The conditions of (non-commercial) transports of sport and company horses and the response of these horses to transport are well studied [
9,
10]. On the other hand, commercial transport of horses is studied to a lesser extent. Furthermore, most studies in which horses are transported untethered in groups involve healthy horses that are used to being transported [
9,
11,
12,
13,
14]. Studies investigating slaughter horse transports or horses that were sold as slaughter horses are less numerous [
13,
15,
16,
17,
18,
19]. However, from those studies it is clear that a number of transport-related factors influence horse welfare. Journey distance and time [
20,
21], loading density [
7,
15,
22,
23], handling [
7,
24,
25], new environments [
24], potentially re-grouping or mixing with unfamiliar animals [
24], fasting and deprivation of water [
24], the myriad of trailer designs [
7,
23], driving behaviour [
7], road type and quality [
7,
22,
24], traffic conditions [
24], suspension systems and building materials of the trailers [
15,
23], environmental conditions in the trailer [
7,
22], and weather conditions [
15,
23,
26] all affect horse welfare.
According to Morgan [
27], the thermoneutral zone of a horse is on average between 5 °C and 25 °C. Another study defines the thermoneutral zone between −1 °C and 24 °C [
27]. The differences in estimation of the thermoneutral zone are, among other things, probably due to acclimatization, body condition and climate [
28]. For example, the upper limit of the thermoneutral zone lowers with increasing humidity. At a relative humidity (RH) of more than 50%, it gets harder for the animals to dissipate heat to the environment [
29]. The temperature humidity index (THI) is a useful parameter to estimate the thermal comfort of organisms [
30].
Legislation involving animal welfare differs between countries. At the same time, meat is traded from countries with less stringent welfare requirements, like Argentina [
31,
32,
33] and Uruguay [
34], to countries with higher welfare requirements, like members of the European Union. The European Union (EU) sets welfare requirements at the time of killing for companies willing to export animal products to the EU (Council Regulation (EC) No 1099/2009) [
35], but does not impose direct requirements on the transport of those animals to the slaughterhouses in third countries. The international Horse Meat Federation [
36], on the other hand, expects its members to meet the requirements set in their “Manual for the Animal Welfare of horses during transport and slaughtering”, which is based on existing legislation and international guidelines [
36].
The first aim of this study was to characterize the current practices of the commercial horse transport from collection points to slaughterhouses in Argentina and Uruguay. Secondly, potential risk factors for horse welfare were detected.
2. Materials and Methods
Between November 2016 and October 2017, a total of 23 horse transports in Argentina and Uruguay were monitored from loading at a collection point to one of the three selected horse slaughterhouses. A total of 596 half-bred horses with an average weight of 415 (±38) kg were picked up at 18 collection points and were transported to Lamar (Argentina), Frigorífico General Pico (Argentina) and Sarel (Uruguay). The transports were spread throughout a year, so that a number of transports were monitored in each season. A total of six transports took place in the spring (November 2016), six in the summer (March 2017), six in the fall (June 2017) and five in the winter (October 2017). Each season two transports per slaughterhouse were monitored, except for October 2017. At that time, only one transport to Frigorífico General Pico was followed up. The transports were carried out with different types of transport vehicles. In this study, three types of vehicles are distinguished, namely trucks, tractor–trailers and truck–trailers (
Figure 1). A truck is a pulling vehicle with one inseparable loading space and is therefore a single unit. In the case of a tractor–trailer, the towing vehicle can be (dis)connected from the trailer via a fifth-wheel coupling. Finally, a truck–trailer is a truck, as defined above, with a trailer connected to it through a drawbar. This transport combination therefore exists of two separated loading spaces.

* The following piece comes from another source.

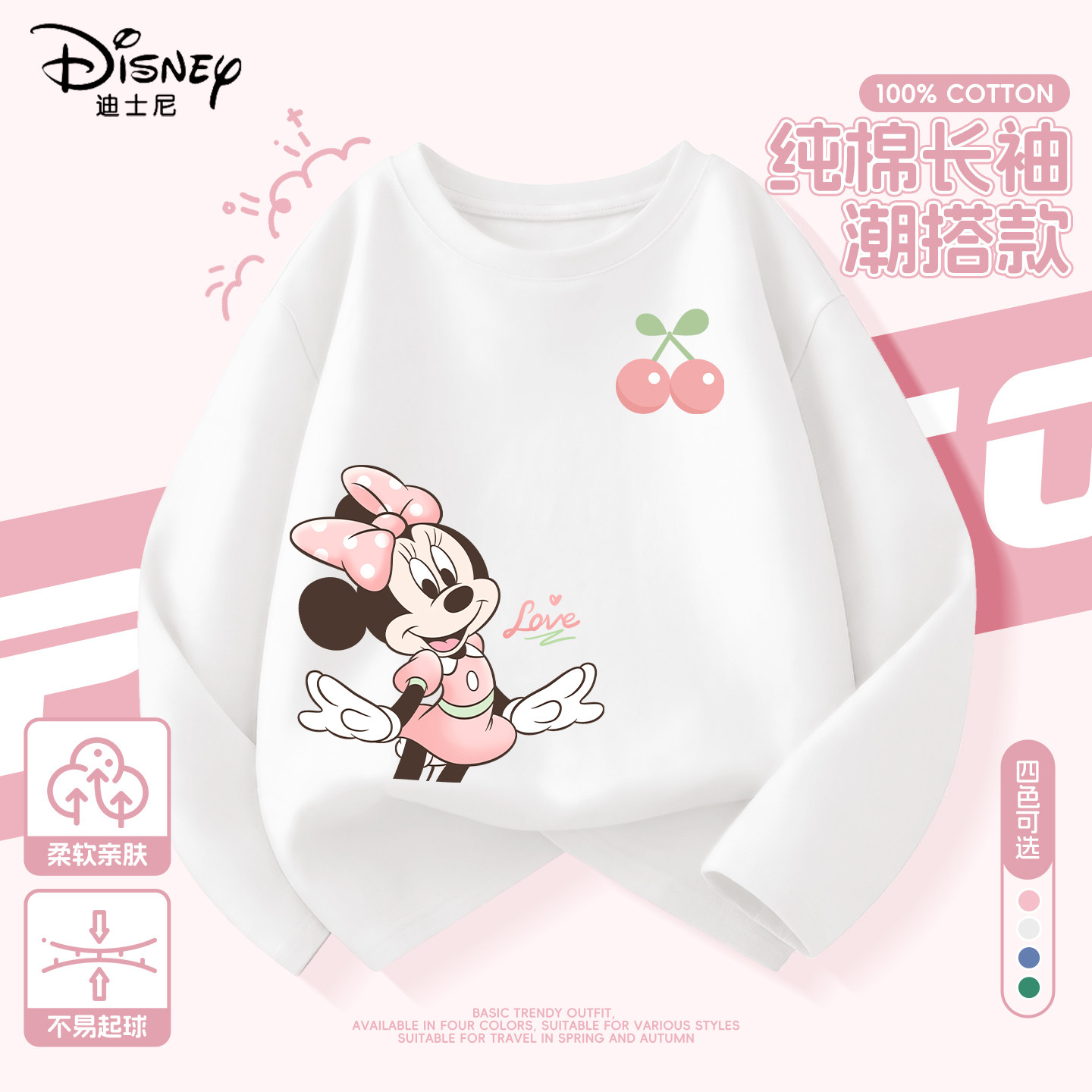 迪士尼女童长袖t恤洋气流行纯棉童装2026新款春装上衣儿童衣服女

The transports were monitored and supervised by the same researcher. The researcher also mounted the sensors and cameras in the trailers and recorded specific transport data. In each trailer the horses were filmed. The camera (Trophy Cam model 119437, Bushnell, China) filmed fragments of one minute at intervals of about 100 seconds. On average, 38.9% (±3.8)% of each transport was filmed. After the transports, the footage was viewed, and the behaviour and interactions of the horses were analysed. During the analysis of the videos, it was noted per trailer how many horses fell and whether the animals fought ‘hardly or not’, ‘averagely’ or ‘a lot’. A fall was considered to be a loss of balance in which parts of the body other than the hooves touched the ground. If the horse could restore equilibrium without other body parts touching the ground, this was called stumbling. Furthermore, the temperature, relative humidity (RH) and dew point were automatically recorded (EL-USB-2, Lascar Electronics, Wiltshire, UK) every five minutes in each loading space. These data were automatically written to an excel file. For the analysis of the environmental parameters, the thermoneutral zone used by Morgan [
27], namely between 5 °C and 25 °C, is taken as the starting point. In addition, the temperature humidity index (THI) is calculated using the following formula [
37], with T, temperature in °C, RH expressed as a number between 0 and 1:
The timing of various operations such as loading and unloading, the duration and distance of the transport, the number of intermediate stops for (police) checks, as well as the stocking density, dimensions and characteristics of the loading spaces were recorded. The observer noted what tools the drivers, which are the persons that handle the horses, used. Furthermore, the characteristics and dimensions of loading docks were registered. The openness of the side walls was categorised as ‘open’ when the surroundings could be seen easily through the wall, ‘half open’ when the view through the side walls was limited, and ‘solid’ when the horses could not see anything through the side walls of the loading dock. All the parameters that were considered during this investigation are listed in the
Appendix A in
Table A1 and
Table A2.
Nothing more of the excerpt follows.